9.11: Proboscideans (Elephants)
(Continued from the previous page)
During the late 1800s Florentino and Carlos Ameghino discovered in South America the remains of a huge extinct mammal. They named it Pyrotherium or "fire beast," a reference to the volcanic ash in which the first specimens were found. Pyrotherium and related forms ("pyrotheriids") were a long-lived group prominent in South American deposits from the late Paleocene to Upper Miocene.1 The Ameghinos believed that Pyrotherium was an early proboscidean.2
Amherst professor Frederic B. Loomis (1914) discovered an intact skull of Pyrotherium, which seemed to him clearly to demonstrate its proboscidean affinity (see Loomis, p. 162, where he places Pyrotherium in Proboscidea).
Romer (1966: 246) points out that Pyrotherium was not only
the size of an elephant but anatomically had paralleled the proboscideans to a very remarkable degree. The dorsal nasal openings indicate the presence of a proboscis ... The many similarities in body, skull, and dentition all suggest that Pyrotherium was really related to proboscideans, then developing to the east in Africa.

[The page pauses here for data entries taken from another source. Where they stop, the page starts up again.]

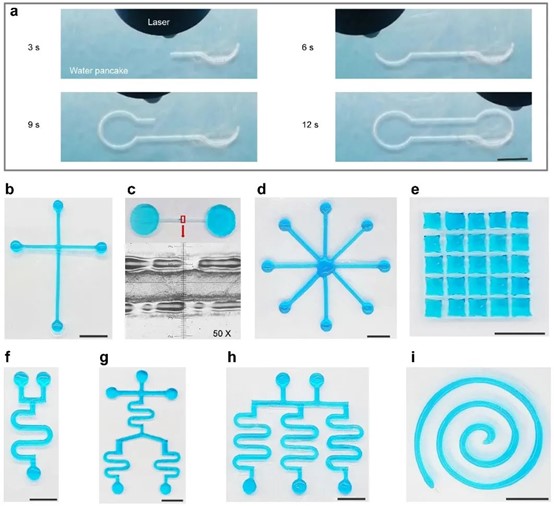 激光切水技術(shù)可以切割各種品類的微流控芯片,比如:十字交叉通道、分散型通道、陣列型通道、彎曲通道、集成型通道、螺旋通道等等,切割精度為350微米,證實(shí)了“激光切水”加工復(fù)雜微流控結(jié)構(gòu)的能力。
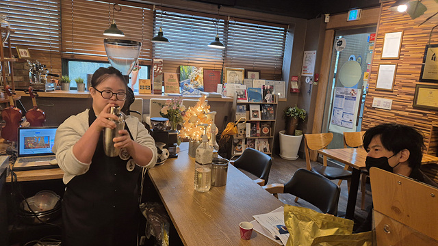 오늘은 1:1 장애인 바리스타 수업을 진행하였습니다.
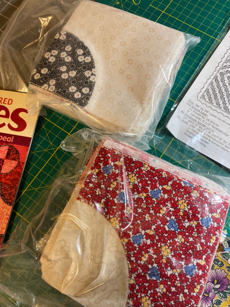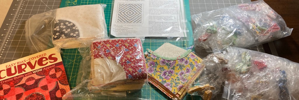 I already have a copy of her book Easy Bias-Covered Curves to help me with the technical aspects of assembling this quilt and finishing up the bias covered curves with all the pre-made bias tape she sent me:
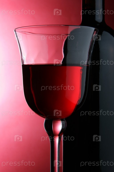 Бокал красного вина и бутылка
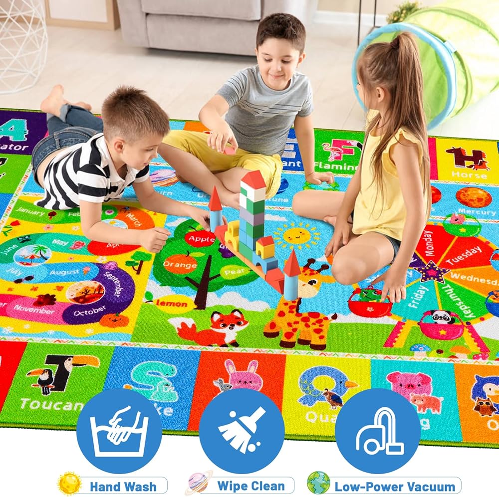 🎁 سجادة منطقة تعليمية قابلة للغسل في الغسالة: سجادة غرفة الأطفال سهلة التنظيف، ويمكن غسلها في الغسالة لتنظيف السجادة بالكامل، ويمكن إزالة الغبار والبقع على سطح السجاد بسهولة عن طريق التنظيف بالمكنسة الكهربائية وتنظيف البقع. اختيار مثالي للمناطق ذات الازدحام الشديد في غرفة الأطفال.
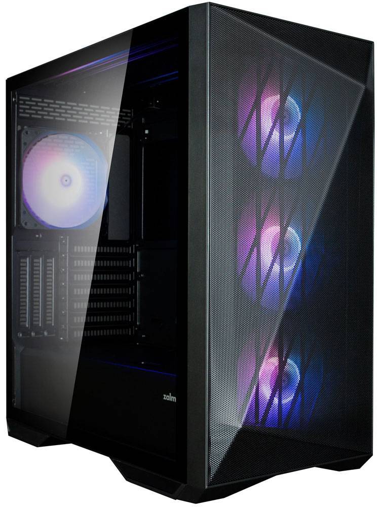 Корпус выполнен в классическом черном цвете и изготовлен из пластика, стали и стекла. Боковая стенка оснащена закаленным стеклом, что позволяет вам любоваться внутренним содержимым вашего ПК.
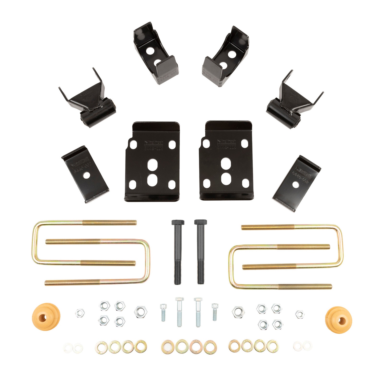 The rear set-up showcases Belltech Street Performance shocks that are impeccably tuned for your Ford. They feature large 2.2” (55mm) damper bodies and use 35mm independent rebound and compression valves, to experience more exact, luxurious damping. Like the strut dampers, our shocks are made with a low-friction design and use a rust-preventative coating to increase their lifespans. To achieve -4.5” in lowering, Belltech includes an easy-to-install flip kit containing high-quality hardware and durable components. It seamlessly repositions your axle without interfering with any OE parts.

But for many biologists similarity — or, seemingly, even identity — is not enough. In the same place, Romer goes on to express his belief that these resemblances between pyrotheres and the early proboscideans of Africa "are surely a case of exceedingly close parallelism." In Romer's defense, it can be said that he was writing at a time when continental drift was not yet an established geophysical phenomenon. He thought in terms of fixed continents and believed elephants (and all other placental mammals) had rapidly evolved from small, generalized late Cretaceous insectivores. As such, his perspective excluded the idea that pyrotheres might be connected with elephants in other parts of the globe (but even some early writers thought the similarity of Pyrotherium and Barytherium indicated a "land bridge" had once existed between Africa and South America3). Such similarities extend to the various features of the skeleton. For example, Salas et al. (2006: 765) point out
The remarkably similar morphology of the proboscidean and pyrothere femur (i.e., long, flat, and compressed anteroposteriorly, a head that faces nearly upward and is clearly higher that the greater trochanter, both condyles subequal in size) and some other hind limb elements ... imply that the general mechanics of support and movement in both groups are comparable.
Dixon et al. (1966: 249) also note the extreme similarity between pyrotheres and elephants:
In life, Pyrotherium probably looked like the early elephant Barytherium, its African contemporary. Pyrotherium had a massive body supported on pillarlike legs, short broad toes, short thick neck, and a head equipped with a trunk and incisors enlarged to form tusks.
But these authors, like Romer, attribute the similarity not to genetic relationship, but to convergent evolution.
Barytherium is known from the late Eocene and early Oligocene of North Africa.4 Dixon and his colleagues appear to be correct in asserting that Barytherium and Pyrotherium were similar. Comparison reveals their teeth are virtually identical.5 These two animals both had bilophodont teeth (both premolars and molars) of the same size and shape. In both, the second upper, and first lower incisors formed chisel-shaped tusks bearing enamel only on the outer surface of the tooth. The claim that "convergent evolution" could produce such extreme similarity is implausible.
Evidence discussed thus far (in Section 9) indicates a much earlier origin for placental mammals than is commonly received. This conclusion, together with our now-firm knowledge that Africa and South America were in direct contact in the early Cretaceous, suggests pyrotheriids and barytheriids are not just forms that evolved in "parallel." It is more plausible to suppose that Pyrotherium, and related South American forms, were forms descended the same ancestral proboscidean similarity set giving rise to Barytherium in Africa (and that that set existed prior to the separation of those two continents). In other words, it seems likely proboscideans were already in existence in Gondwana in the early Cretaceous. Thus, proboscideans would be many millions of years older than biologists generally believe. In fact, it is even conceivable that further analysis of fossils will show Pyrotherium and Barytherium are merely distinct names applied to a single form that predated and long survived the separation of Africa and South America.6
Notes (Works Cited):
1.Benton (1993); Romer (1966); Savage and Russell (1983).
2.Ameghino (1889, 1895, 1902). Lydekker (1896: 85) also identified Pyrotherium as an elephant. See also: Andrews (1904: 101).
3.For example, Andrews (1904: 101).
4.Savage and Russell (1983: 114); Shoshani and Tassy (1996: 64).
5.MacFadden and Frailey (1984, Fig. 2 & Table 1); Shoshani and Tassy (1996, Plate 8.3).
6.Another form worthy of investigation with regard to proboscideans is Diprotodon of the Australian Pleistocene. This large animal has sometimes been described as a marsupial elephant. However, its soft anatomy is unknown, and its skeleton bears little if any resemblance to those of extant marsupials (the discussion of marsupials explains why extinct forms cannot be diagnosed as marsupials).